■ TASK GOAL
Write out each line of the listing as it stands, without the images.

── DATA RECORDS ──

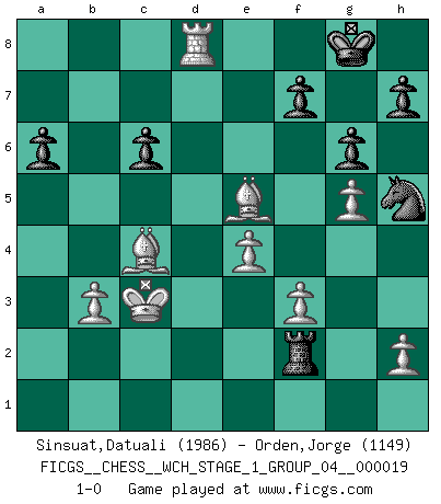 Last move : 1-0 2018 April 27 11:49:51 [Event "FICGS__CHESS__WCH_STAGE_1_GROUP_04__000019"] [Site "FICGS"] [Date "2018.03.02"] [Round "1"] [White "Sinsuat,Datuali"] [Black "Orden,Jorge"] [Result "1-0"] [WhiteElo "1986"] [BlackElo "1149"] 1.e4 c5 2.Nf3 d6 3.d4 cxd4 4.Nxd4 Nf6 5.Nc3 a6 6.Be3 e6 7.f3 Be7 8.Qd2 O-O 9.g4 Nc6 10.O-O-O Nxd4 11.Qxd4 e5 12.Qd2 Qc7 13.g5 Nh5 14.Nd5 Qd8 15.Nxe7+ Qxe7 16.Qxd6 Qxd6 17.Rxd6 Be6 18.Rb6 Rab8 19.Bc5 Rfd8 20.Bd6 Rbc8 21.Bxe5 Bxa2 22.b3 Rc6 23.Rxc6 bxc6 24.Bc4 g6 25.Kb2 Bxb3 26.cxb3 Rd2+ 27.Kc3 Ra2 28.Rd1 Rf2 29.Rd8+ 1-0 Sicilian : Najdorf, Byrne (English) attack Kingside Castling by player Black (move 8) Queenside Castling by player White (move 10) Player White won this chess game. Follow this game move after move (download)In Fischer's hands, a slight theoretical advantage is as good a being a Queen ahead. (Isaac Kashdan) Der Umstand, daß uns eine 7 Stunden Zeitkontrolle ermöglicht eine großartige, tiefe Partie zu spielen, ist für die Massenmedien nicht weiter von Bedeutung. (Alexej Shirov) Un mal día en el Ajedrez, es mejor que cualquier buen día en el trabajo. (Anonymous) Ce qui est bien, c'est d'avoir tout un tas de pièces en prise : l'adversaire ne peut en prendre qu'une à la fois. Cité par Thierry Audin. They misunderestimated me. (George W. Bush, Bentonville nov. 6, 2000)
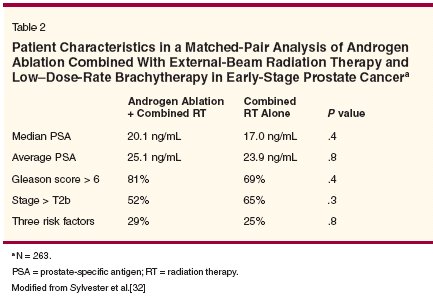 The MSKCC investigators also assessed 263 patients between 1992 and 1997 who had prostates weighing more than 60 g and were given neoadjuvant hormonal therapy for cytoreduction (Table 2). A retrospective matched-pair analysis was unable to show any benefit with neoadjuvant hormonal therapy plus permanent prostate implants, compared with permanent prostate implants alone.[27]
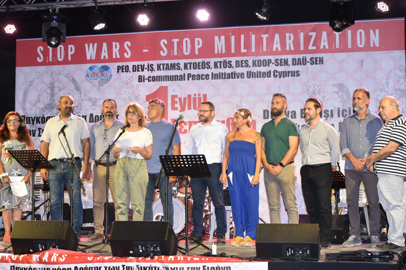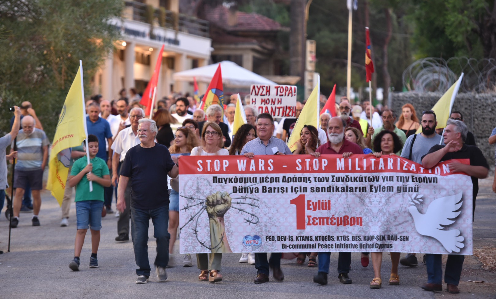 Etkinlikte ilk konuşmayı yapan Güney Kıbrıs Solcu İşçi Sendikaları Federasyonu (PEO) Genel Sekreteri Sotirulla Haralambus ise, savaşlara ve militarizasyona son verilmesi talebini aktararak konuşmasına başladı.
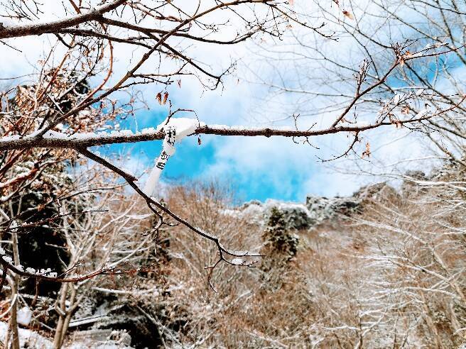 今回目指すは戸隠神社の「奥社」。訪れたのは11月の終わり。バスを降りたら雪で真っ白!奥社への参道の鳥居を前に、戸隠山がそびえ立ち、気持ちが引き締まります。約2㎞の参道を歩く前に、こちらでお手洗いを済ませておきましょう。
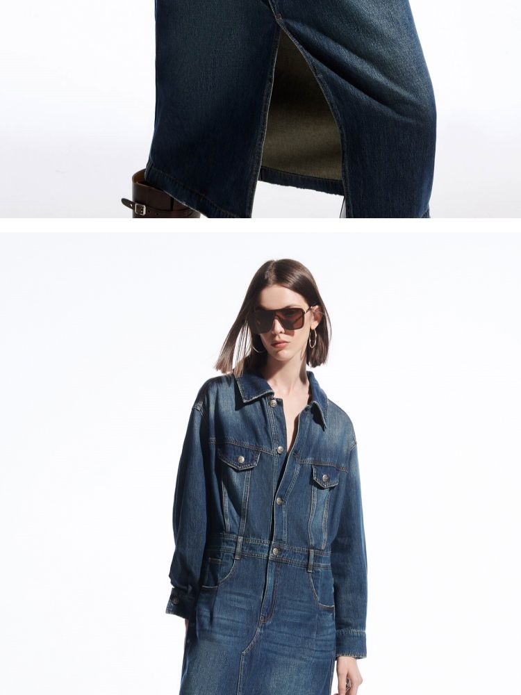 商品名称:【直筒牛仔裙】夏季时尚通勤做旧中长裙牛仔连衣裙女 528090

───

■ TASK SOLUTION
 Last move : 1-0 2018 April 27 11:49:51 [Event "FICGS__CHESS__WCH_STAGE_1_GROUP_04__000019"] [Site "FICGS"] [Date "2018.03.02"] [Round "1"] [White "Sinsuat,Datuali"] [Black "Orden,Jorge"] [Result "1-0"] [WhiteElo "1986"] [BlackElo "1149"] 1.e4 c5 2.Nf3 d6 3.d4 cxd4 4.Nxd4 Nf6 5.Nc3 a6 6.Be3 e6 7.f3 Be7 8.Qd2 O-O 9.g4 Nc6 10.O-O-O Nxd4 11.Qxd4 e5 12.Qd2 Qc7 13.g5 Nh5 14.Nd5 Qd8 15.Nxe7+ Qxe7 16.Qxd6 Qxd6 17.Rxd6 Be6 18.Rb6 Rab8 19.Bc5 Rfd8 20.Bd6 Rbc8 21.Bxe5 Bxa2 22.b3 Rc6 23.Rxc6 bxc6 24.Bc4 g6 25.Kb2 Bxb3 26.cxb3 Rd2+ 27.Kc3 Ra2 28.Rd1 Rf2 29.Rd8+ 1-0 Sicilian : Najdorf, Byrne (English) attack Kingside Castling by player Black (move 8) Queenside Castling by player White (move 10) Player White won this chess game. Follow this game move after move (download)In Fischer's hands, a slight theoretical advantage is as good a being a Queen ahead. (Isaac Kashdan) Der Umstand, daß uns eine 7 Stunden Zeitkontrolle ermöglicht eine großartige, tiefe Partie zu spielen, ist für die Massenmedien nicht weiter von Bedeutung. (Alexej Shirov) Un mal día en el Ajedrez, es mejor que cualquier buen día en el trabajo. (Anonymous) Ce qui est bien, c'est d'avoir tout un tas de pièces en prise : l'adversaire ne peut en prendre qu'une à la fois. Cité par Thierry Audin. They misunderestimated me. (George W. Bush, Bentonville nov. 6, 2000)
 The MSKCC investigators also assessed 263 patients between 1992 and 1997 who had prostates weighing more than 60 g and were given neoadjuvant hormonal therapy for cytoreduction (Table 2). A retrospective matched-pair analysis was unable to show any benefit with neoadjuvant hormonal therapy plus permanent prostate implants, compared with permanent prostate implants alone.[27]
 Etkinlikte ilk konuşmayı yapan Güney Kıbrıs Solcu İşçi Sendikaları Federasyonu (PEO) Genel Sekreteri Sotirulla Haralambus ise, savaşlara ve militarizasyona son verilmesi talebini aktararak konuşmasına başladı.
 今回目指すは戸隠神社の「奥社」。訪れたのは11月の終わり。バスを降りたら雪で真っ白!奥社への参道の鳥居を前に、戸隠山がそびえ立ち、気持ちが引き締まります。約2㎞の参道を歩く前に、こちらでお手洗いを済ませておきましょう。
 商品名称:【直筒牛仔裙】夏季时尚通勤做旧中长裙牛仔连衣裙女 528090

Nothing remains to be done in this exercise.